Ses peintures vives et colorées, basées sur les émotions, se dévoilent dans une exposition en France du 30 octobre au 30 novembre.

Autodidacte, l’artiste Kelly Wayne, figure connue dans le milieu artistique mais aussi pour sa lutte pour la communauté LGBTQI+, n'a jamais arrêté de se battre pour se construire.

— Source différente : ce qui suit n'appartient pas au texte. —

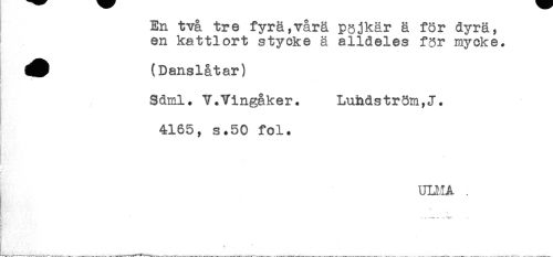 //// ! En två tre fyrä,vårä pajkär ä för dyrä, //// en kattlort stycke ä alldeles för mycke. //// ^^ (Danslåtar) //// 3dml. V.Vingåker. Luhdström,J. //// 4165, s.50 fol. //// ULMA . ////
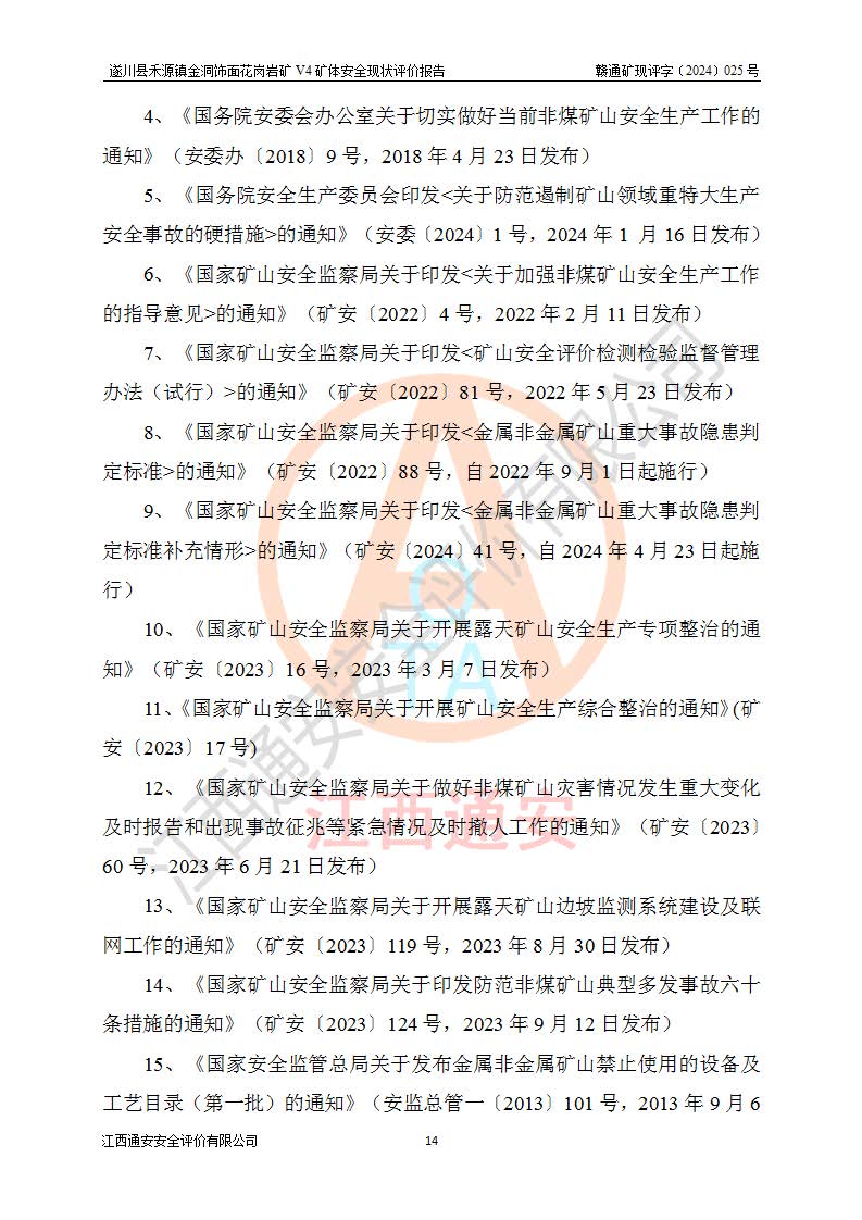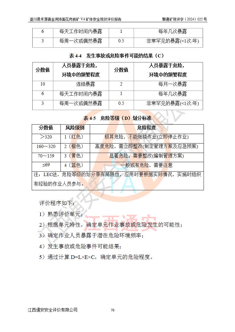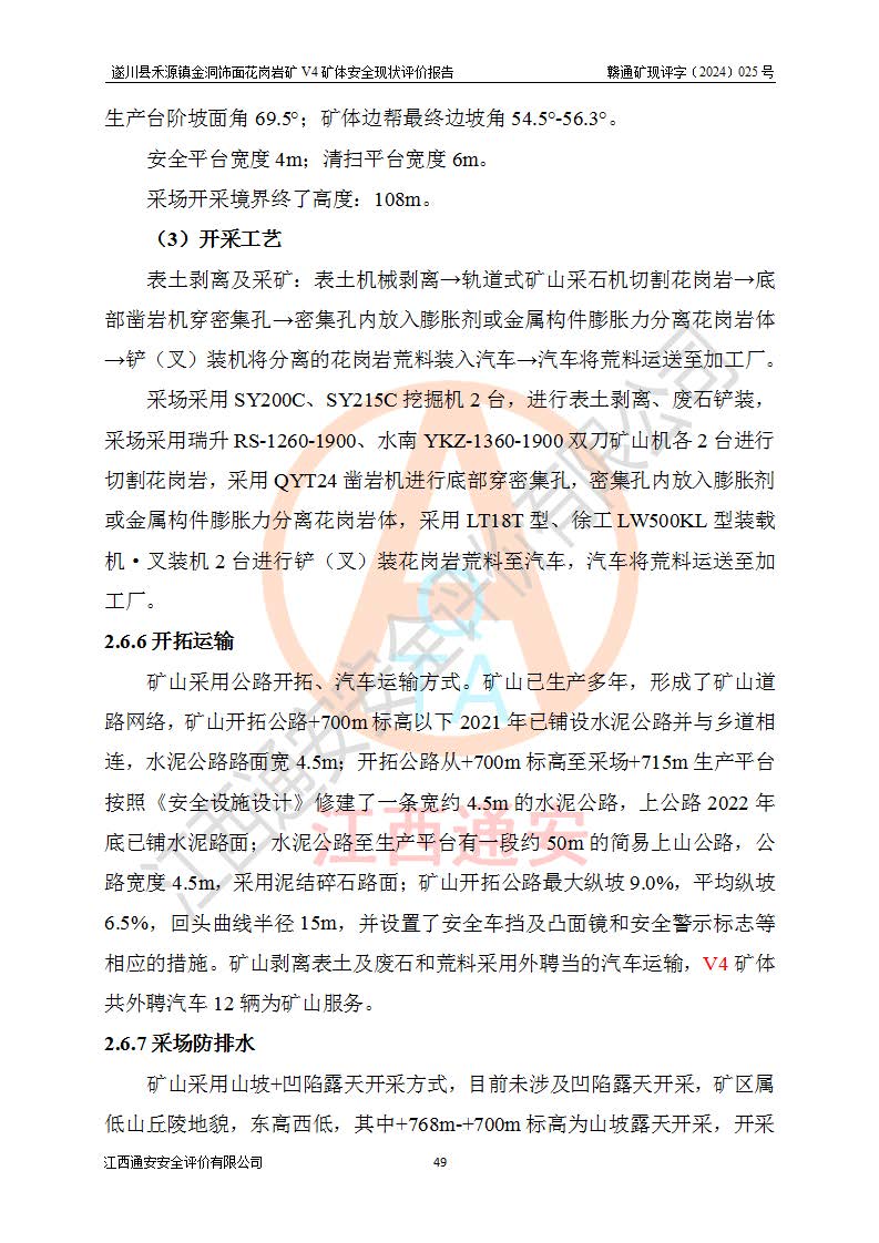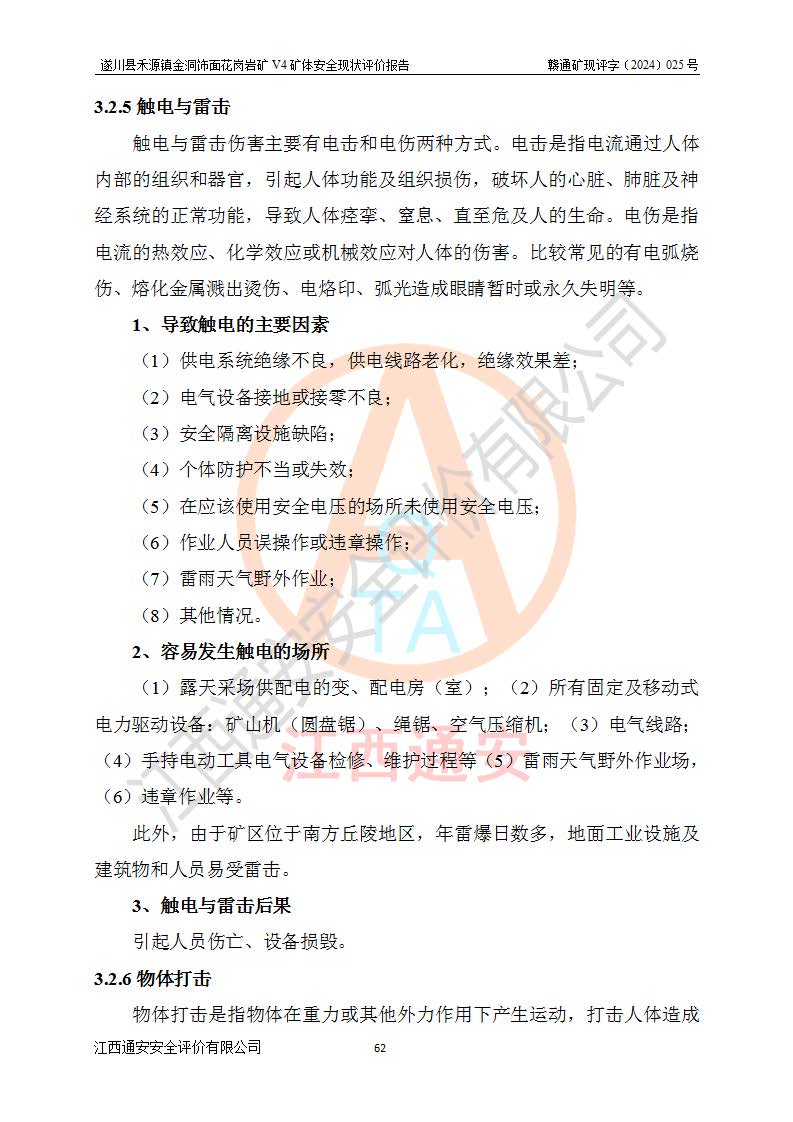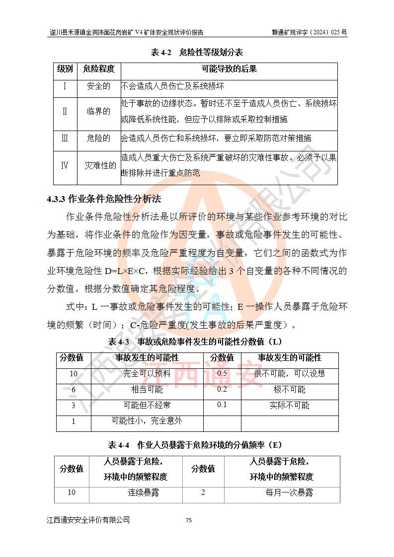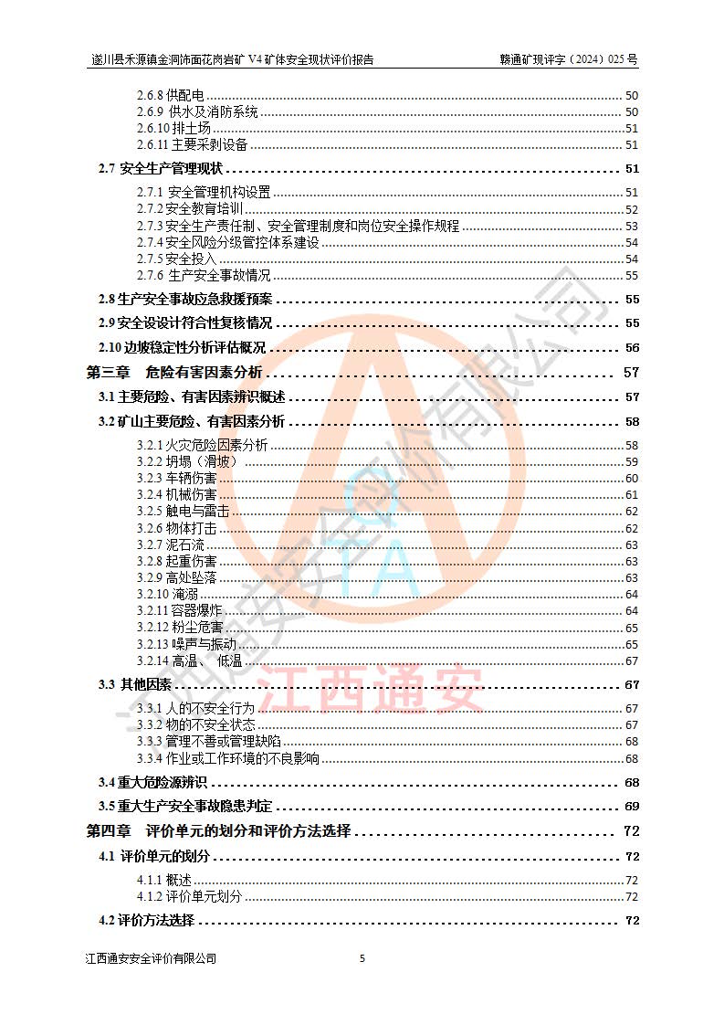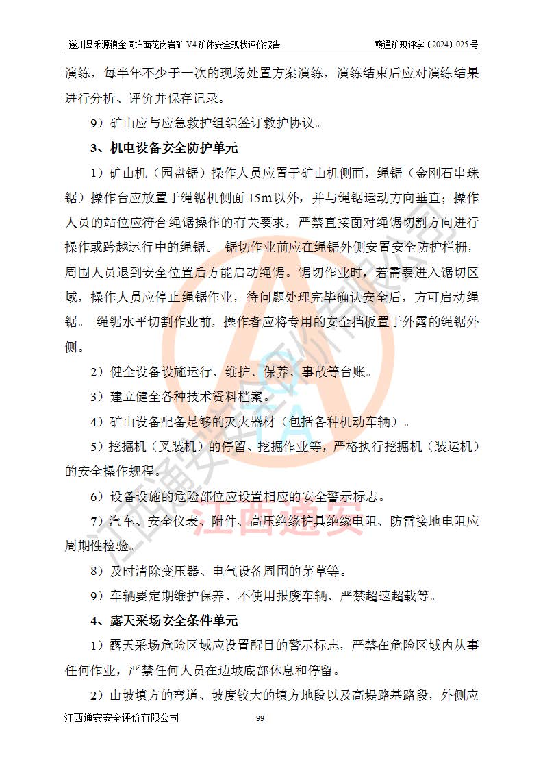 1、該評(píng)價(jià)項(xiàng)目中存在的主要危險(xiǎn)因素:火災(zāi),坍塌(滑坡),**傷害,機(jī)械傷害,觸電與雷擊,物體打擊,泥石流,起重傷害,高處墜落,淹溺,容器爆炸等危險(xiǎn)有害因素。 2、該評(píng)價(jià)項(xiàng)目中存在的有害因素包括:粉塵、噪聲與振動(dòng)、不良作業(yè)環(huán)境,如高溫、雷擊對(duì)礦山人員的傷害和其他不利的環(huán)境因素等。 3、該評(píng)價(jià)項(xiàng)目為非金屬露天礦山,無(wú)瓦斯和自燃發(fā)火危險(xiǎn),礦區(qū)范圍內(nèi)及周邊無(wú)較大水系,礦區(qū)水文地質(zhì)條件簡(jiǎn)單。該礦山只是對(duì)飾面用石料進(jìn)行機(jī)械開采,不使用有毒有害危險(xiǎn)化學(xué)品藥劑。該評(píng)價(jià)項(xiàng)目使用的壓力容器為空壓機(jī)儲(chǔ)氣罐,其工作介質(zhì)為空氣,屬**性、非易燃介質(zhì)。綜合上述分析,本評(píng)價(jià)項(xiàng)目不存在重大危險(xiǎn)源。 上述主要危險(xiǎn)、有害因素在采取本報(bào)告第六章中提出的安全對(duì)策措施及建議后,能得到**控制。遂川縣禾源鎮(zhèn)金洞飾面花崗巖礦V4礦體設(shè)備、設(shè)施和場(chǎng)所符合**安全生產(chǎn)有關(guān)法律、法規(guī)、標(biāo)準(zhǔn)及規(guī)范的規(guī)定。礦山采用露天開采、公路開拓、汽車運(yùn)輸方式,安全生產(chǎn)條件一般,能滿足基本的安全生產(chǎn)活動(dòng);安全管理能滿足法規(guī)要求,礦山露天開采按照《安全設(shè)施設(shè)計(jì)》組織生產(chǎn)、具備安全生產(chǎn)條件。 |

Elle a pris des cours de dessin et a travaillé d'arrache-pied pour se faire une place dans le monde de l'art. Elle a ainsi fait de sa passion sa profession ; pour dévoiler le monde à travers ses peintures mais aussi pour «faire reconnaître aux yeux de tous qu’être transgenre n’est pas une maladie». Du 30 octobre au 30 novembre 2022, elle tient son exposition Meta-Morphe-Ose à l'Atelier Univers de Kelly Wayne, en France. Elle nous ouvre son petit monde...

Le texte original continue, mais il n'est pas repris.